### Given data
========
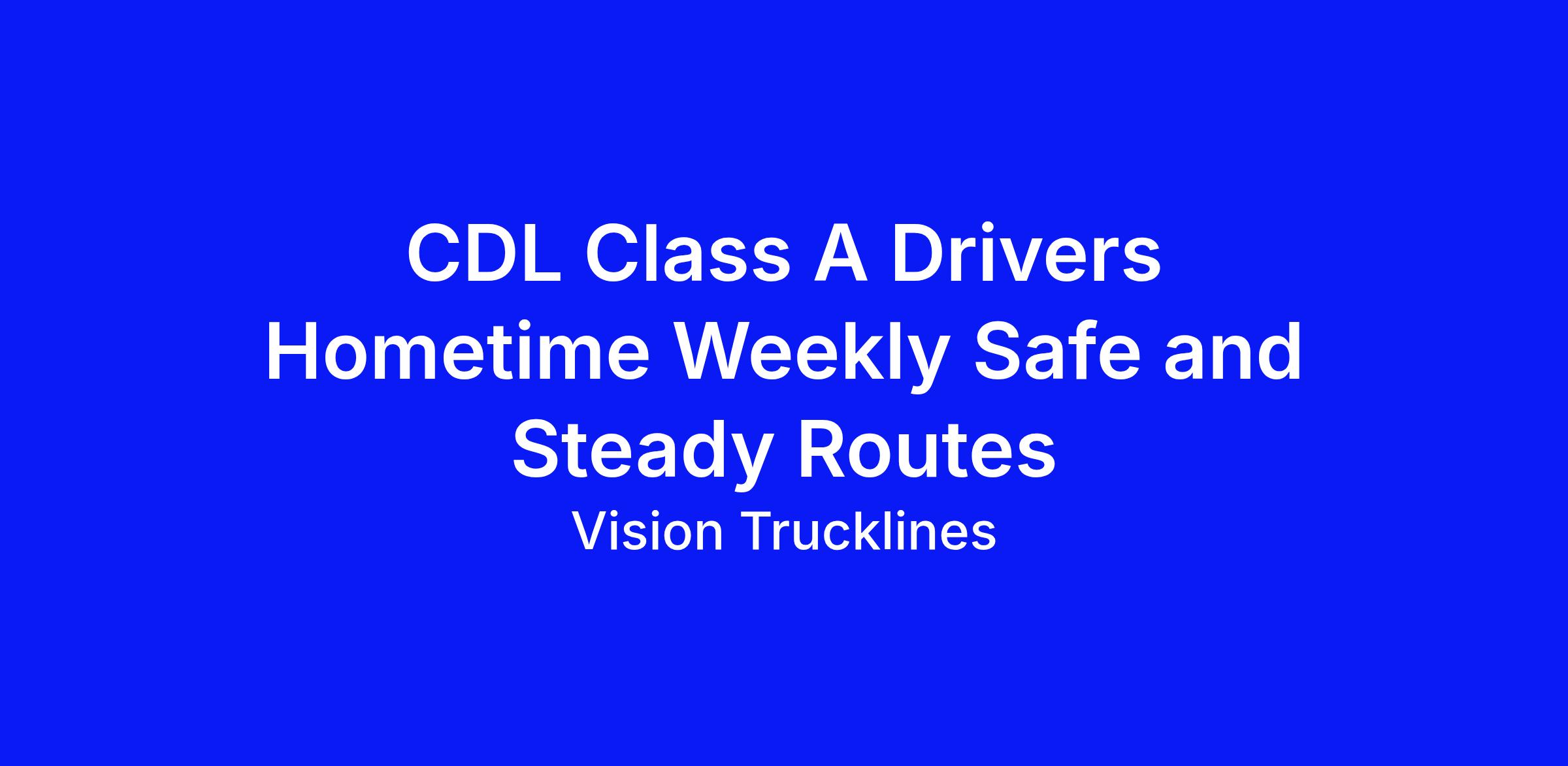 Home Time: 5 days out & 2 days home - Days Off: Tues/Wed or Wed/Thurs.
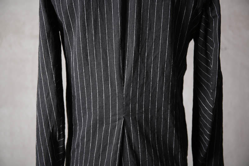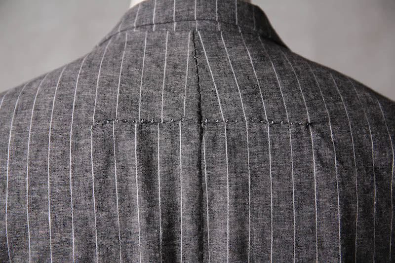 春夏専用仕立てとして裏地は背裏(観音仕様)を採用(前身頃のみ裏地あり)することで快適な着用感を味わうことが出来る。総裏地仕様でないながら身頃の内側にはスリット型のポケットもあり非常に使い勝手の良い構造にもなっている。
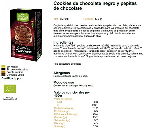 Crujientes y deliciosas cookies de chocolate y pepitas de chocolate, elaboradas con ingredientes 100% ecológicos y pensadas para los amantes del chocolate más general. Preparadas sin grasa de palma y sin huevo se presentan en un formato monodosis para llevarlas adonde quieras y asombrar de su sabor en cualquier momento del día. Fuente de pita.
========
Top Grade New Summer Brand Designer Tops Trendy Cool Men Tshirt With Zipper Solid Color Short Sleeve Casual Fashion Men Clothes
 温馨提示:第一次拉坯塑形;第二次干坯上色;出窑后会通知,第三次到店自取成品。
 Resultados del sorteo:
========
In the data above, retype only the stretch from the line with "Home Time: 5" through the line with "春夏専用仕立てとして裏地は背", word for word, and skip any pictures.

 Home Time: 5 days out & 2 days home - Days Off: Tues/Wed or Wed/Thurs.
 春夏専用仕立てとして裏地は背裏(観音仕様)を採用(前身頃のみ裏地あり)することで快適な着用感を味わうことが出来る。総裏地仕様でないながら身頃の内側にはスリット型のポケットもあり非常に使い勝手の良い構造にもなっている。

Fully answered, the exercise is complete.